***** SOURCE DATA

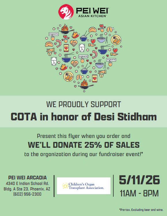 Fundraiser at Pei Wei in Arcadia – Monday, May 11th – Benefiting COTA for Desi!
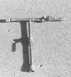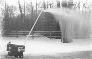 Commercial units like this one from Backyard Blizzard are also available. The basic assembly is made of copper pipe and resembles a "T." The air and water meet in the middle of the "T" as the mixture is shot out into the air. The nozzle is pointed up, usually elevated and attached to a stand for stability. No chemicals need to be added in order to get a nice ground covering.
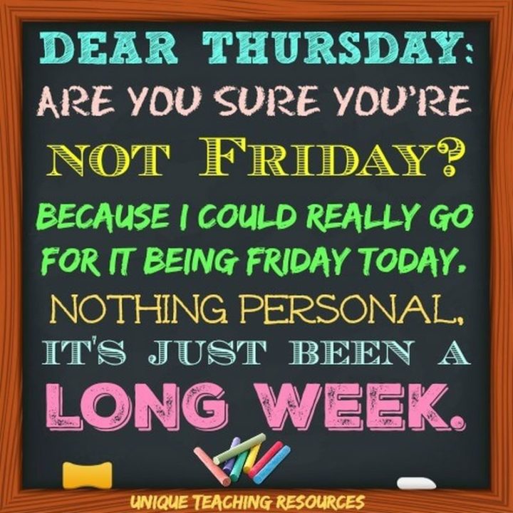 “Dear Thursday are you sure you’re not Friday? Because I could really go for it being Friday today! Nothing personal, it’s just been a long week.” – Unknown

**********

▶ [EXERCISE PROMPT] The pictures are to be omitted, and the rest of the listing is to be transcribed exactly.

▶ [EXPECTED OUTPUT]
 Fundraiser at Pei Wei in Arcadia – Monday, May 11th – Benefiting COTA for Desi!
 Commercial units like this one from Backyard Blizzard are also available. The basic assembly is made of copper pipe and resembles a "T." The air and water meet in the middle of the "T" as the mixture is shot out into the air. The nozzle is pointed up, usually elevated and attached to a stand for stability. No chemicals need to be added in order to get a nice ground covering.
 “Dear Thursday are you sure you’re not Friday? Because I could really go for it being Friday today! Nothing personal, it’s just been a long week.” – Unknown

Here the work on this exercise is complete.